Another critical source of information will come from shadow projects. Shadow projects are paving projects on which mixes are sampled for the normal acceptance tests, but additional samples are also pulled for BMD tests that are performed in the background. Results of the BMD tests from shadow projects are not used to accept or reject materials, adjust payment or even to motivate mix production changes. Rather, the three goals of the shadow projects are to: (1) better familiarize both agency and contractor personnel with the selected tests, (2) add to the database of test results from the benchmarking studies, and most importantly (3) gather information on typical production variability. Recommendations on the number of shadow projects, the number and frequency of BMD tests per project, and how the samples are prepared and tested are discussed in the draft implementation guide.

Task 6: Specification and Program Development

This task involves the development of the specifications and quality assurance program to be used for implementation. The information gathered from the previous tasks will be used for this effort, and decisions must be made about what aspects of the current specifications need to remain the same and what existing criteria should be relaxed or completely eliminated. Consideration should be given to how to adapt the acceptance of lots based on specification criteria with two-sided limits (e.g. lab compacted air voids) to test criteria that are one-sided (e.g. minimum cracking index and maximum rut depth). If the BMD test results are used for pay adjustments, then there must be confidence that the results are truly performance related, which goes back to the need for field validation experiments in Task 3. 

Once the new specifications are vetted by stakeholders, then it’s time to plan and conduct pilot projects. Pilot projects are necessary to evaluate the new QA program requirements under actual contractual conditions. Pilot projects will go through the typical bidding-contracting process with the new QA requirements and specifications applied, including BMD testing required as part of mixture design and acceptance. The number of pilot projects should be determined by the agency, typically starting with just a few projects in the first year, then increasing to involve additional districts/regions and contractors each year. Lessons learned from pilot projects should be used to assess and modify the specifications and QA program requirements on a yearly basis, with more frequent modifications for more acute issues.

Task 7: Adapting Training Programs and Lab Accreditations

As an agency begins rolling out pilot projects, it will need to conduct just-in-time training to cover the new testing requirements and specification changes in the QA program. Likewise, the agency also needs to establish new independent assurance requirements for labs conducting tests used for mix acceptance to ensure the technicians and equipment meet the requirements of the new procedures. The state’s ongoing technician training and qualification program will also need to be adapted to include the changes and a plan to recertify technicians who are already qualified but are not familiar with the new tests and requirements. Many states already have a proficiency testing program for their current quality assurance tests as a means to ensure technicians perform the tests correctly and to continuously evaluate test precision information. These programs should be expanded to include the new BMD tests.

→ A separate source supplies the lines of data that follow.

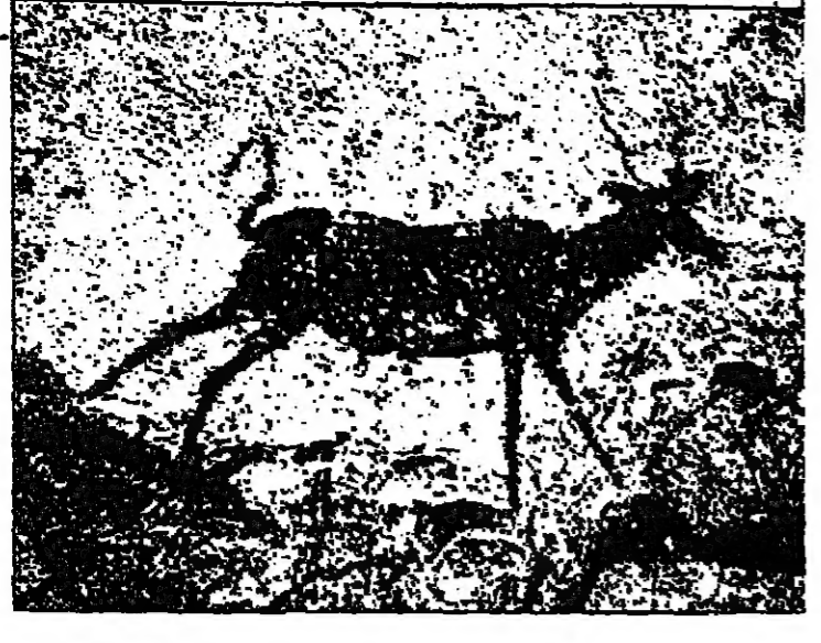
نقطة المراقبة في رسم الحيوان براعة في الإنشاع الشكلي من نغون ما قبل التاريخ
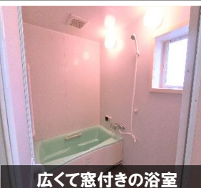
広くて窓付きの浴室
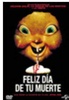
FELIZ DÍA DE TU MUERTE

Dir. Taika Waititi. Int. Chris Hemsworth, Tom Hiddleston. Aventuras / Fantástico.
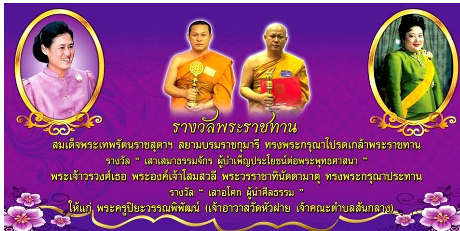
ภาพประกอบที่ 1: ป้ายประกาศสัมพันธกิจกรรมของกิจกรรมในทางพระพุทธศาสนา

นอกจากนี้ ยังมีกิจกรรมในการสร้างความเข้มแข็งของชุมชนอีกหลากหลายกิจกรรม จากข้อมูลและความน่าสนใจของพื้นที่ คณะผู้วิจัยจึงต้องการศึกษาบริบทของชุมชนหัวฝายเพื่อวิเคราะห์ภูมิหลังทางประวัติศาสตร์ที่มีผลต่อการก่อเกิดโรงเรียนผู้สูงอายุวัดหัวฝาย และกระบวนการบริหารจัดการโรงเรียนผู้สูงอายุวัดหัวฝายที่นำไปสู่การสร้างความเข้มแข็งของชุมชน รวมถึงผลสำเร็จของการเป็นชุมชนเข้มแข็งชุมชนหัวฝาย ตำบลสันกลาง อำเภอพาน จังหวัดเชียงราย
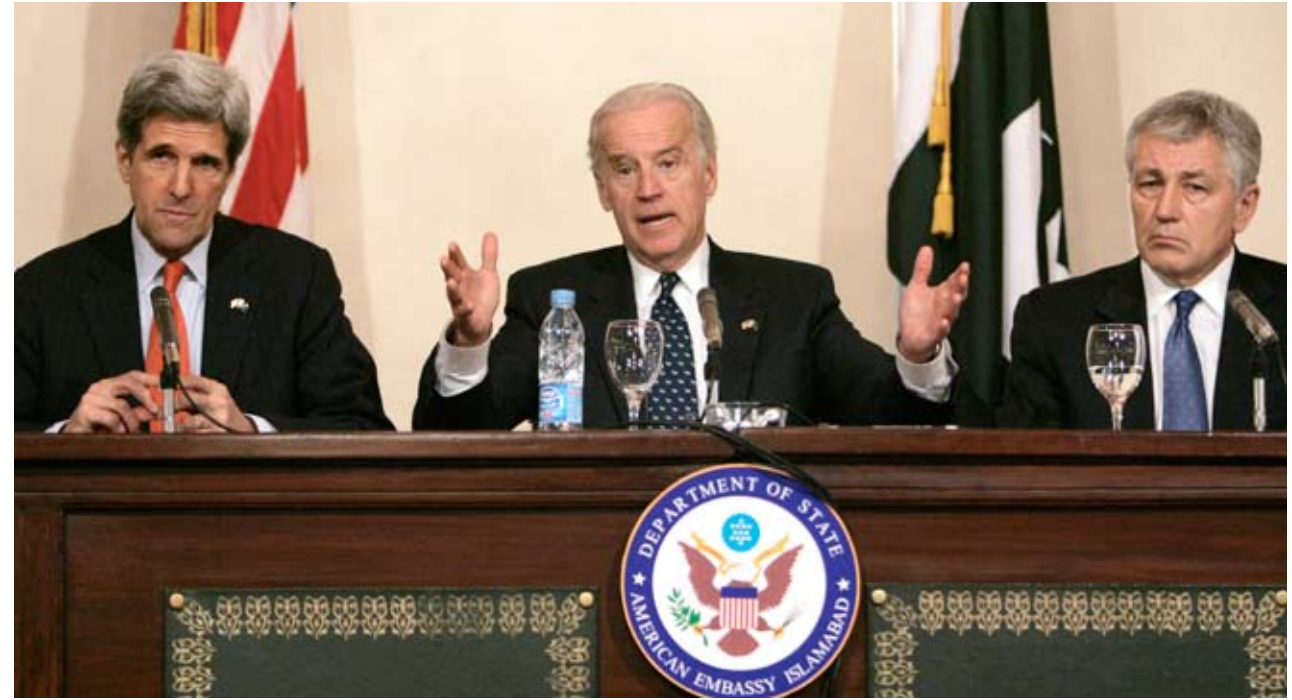
أعضاء مجلس الشيوخ، من اليسار: جون كيري، جوزيف بايدن وتشارلز هيغل في إسلام اباد، باكستان، شباط/فبراير، 2008.

إلى معظم المراقبين، كان الجهد الذي بذله لمحاربة الأعمال العدائية في منطقة البلقان خلال تسعينات القرن الماضي. وُصف بايدن بأنه كان صوتاً مؤثراً في حث إدارة كلينتون على اتخاذ إجراءات ضد الزعيم الصربي سلوبودان ميلوسوفيتش. خلال ظهورهما معاً في سبرينغفيلد، قال أوباما إن بايدن "ساعد في تصميم سياسات تؤدي إلى إنهاء عمليات القتل الجارية في البلقان". وعلى وجه الخصوص، حث بايدن على التدخل لوقف عمليات التطهير الاثني ضد المسلمين في البوسنة. ولاحقاً، دعم حملة حلف الناتو في القصف الجوي لإجبار صربيا على الانسحاب من كوسوفو.
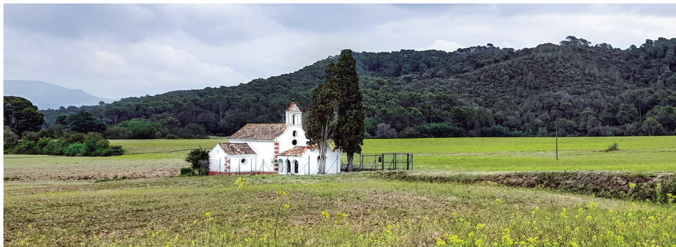
Santa Maria de les Feixes.

pollancre de la Riera, amb 23 metres d'alçada i capçada de 25 metres.
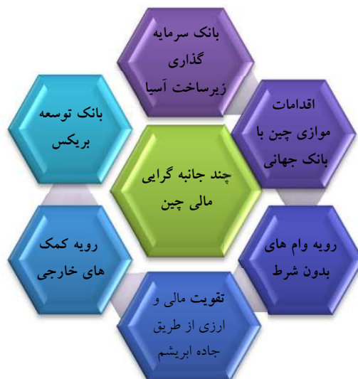
شکل ۱. ایجاد چندجانبه‌گرایی مالی چین بیرون از نظم مالی برتن وودز

ابتکار چندجانبه‌گرایی مالی چین و چالش نظم مالی بین‌المللی ... (سیدسعید میرترابی و دیگران) ۳۹۳
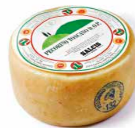
Pecorino DOP fresco DP01 Kg. 1,5
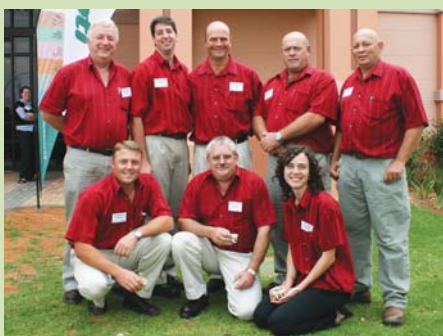
Die Noordwes Voere span wat produsente van regoor die land by die suiweldag by Rio Casino in Klerksdorp verwelkom het.
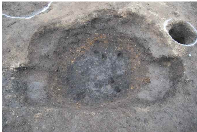
2. SK24 完掘 (南から)
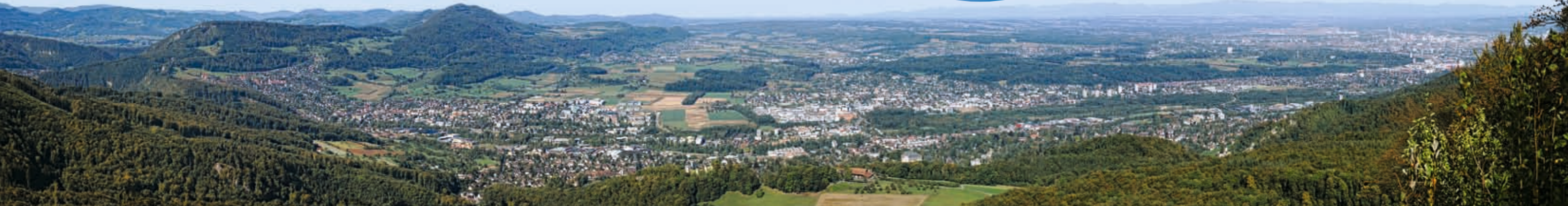
Abbildung links: ELBA umfasst ein klar definiertes Gebiet ( Planungsperimeter ), berücksichtigt aber auch die Rahmenbedingungen in einem weiteren Umfeld ( Betrachtungperimeter ), das mit dem Planungsperimeter in Wechselwirkung steht.

Die Projektleitung hat Kriterien definiert, nach denen die sechs Studienarbeiten beurteilt werden. Drei der Planungsbüros werden den Zuschlag erhalten, ihre Konzepte zu vertiefen und die Schwerpunkte aus der öffentlichen Mitwirkung darin zu berücksichtigen.
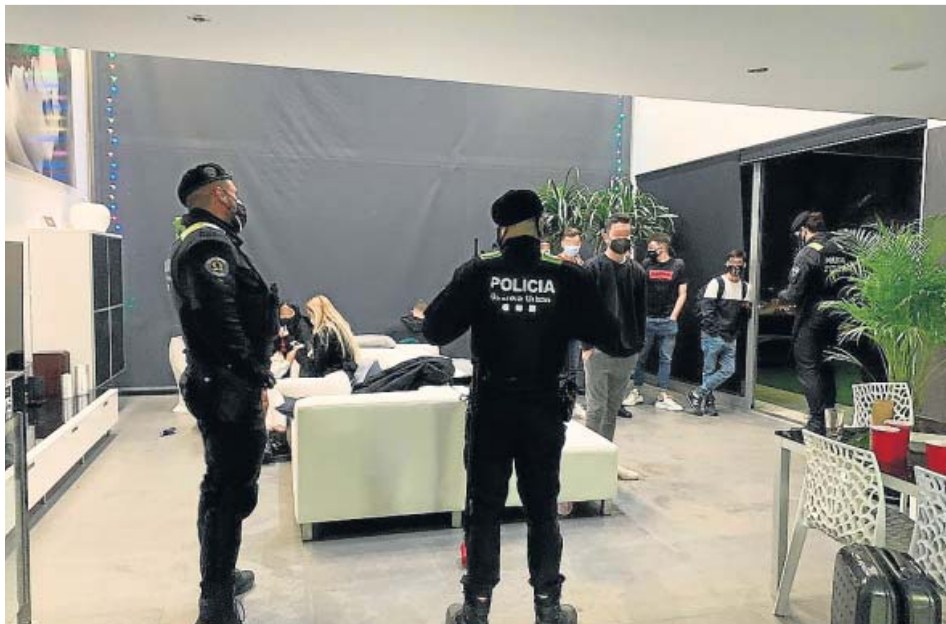
Fiesta ilegal desmantelada el pasado 29 de marzo en Badalona.

LOS ENFERMOS CRÍTICOS de Covid ya son 515 en las UCI y al Govern le preocupa rebasar los 700 en pocos días
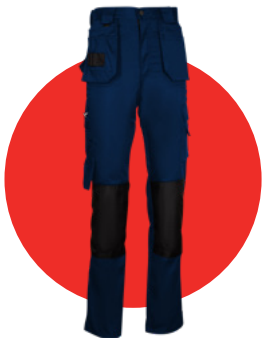
EDUARD 7260 Art. n° 2.27.260.00
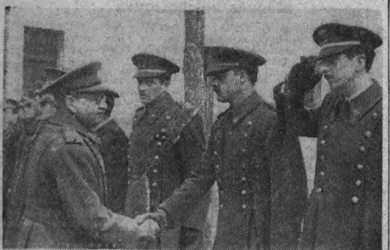
El ministro del Aire, general Vigón, despidiéndose de los pilotos que parten para Rusia.
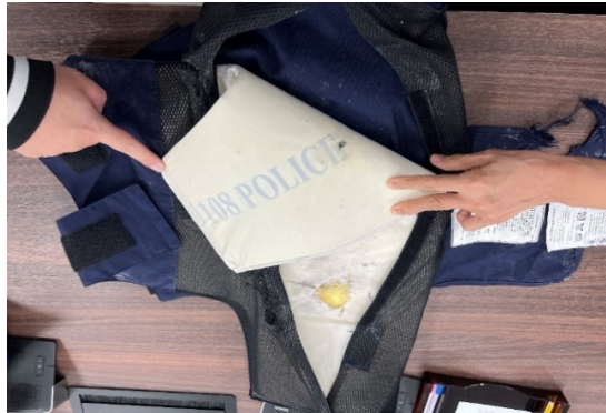
圖5 臺灣銀行 108 年度採購案防彈衣成品內裡之防彈纖維布

收，驗收人員斷非得據此即可免除其所應負擔之責任，顯見驗收作業顯有重大疏失，應予檢討。
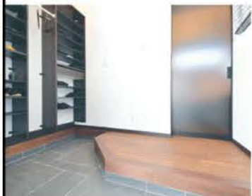
中庭から光が入るシューズクローク付きの玄関ホール

伊勢崎市西小保方町にヤマト住建の新しいモデルハウスが誕生した。おもなターゲット層は子育て世代。ライフスタイルにフィットする延床面積28坪というリアルサイズの平屋住宅だ。外観は直線的なフォルムに黒×グレーのツートンカラーがスタイリッシュな印象。
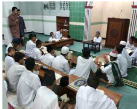
G. 33, Foto Santri Tahfizh Al-Mukhlisin Sedang Halaqah G. 34, Foto Santri Al-Mukhlisin Menyetor Hafalan Baru

Murabbi (pembimbing) halaqah yang sudah di amanahkan bertugas untuk berada di setiap halaqoh guna menemani santri murâja’ah (mengulang-ulang) hafalan Al-Qur’an dan Hadits sembari memberikan nasehat-nasehat kepada santri.

Task 8: Initial Implementation

Prior to full implementation of the BMD requirements, it is essential that the agency communicate the changes and new requirements to both industry and DOT personnel. This technology transfer can be accomplished through webinars, face-to-face meetings and workshops, and can also be supported by implementation teams that help contractors and DOT personnel get ready for the changes, address issues and interpret specification requirements. The initial implementation should be viewed as a new beginning with an expectation that the QA program will continue to evolve toward a system that efficiently assesses mix characteristics that relate to long-term performance.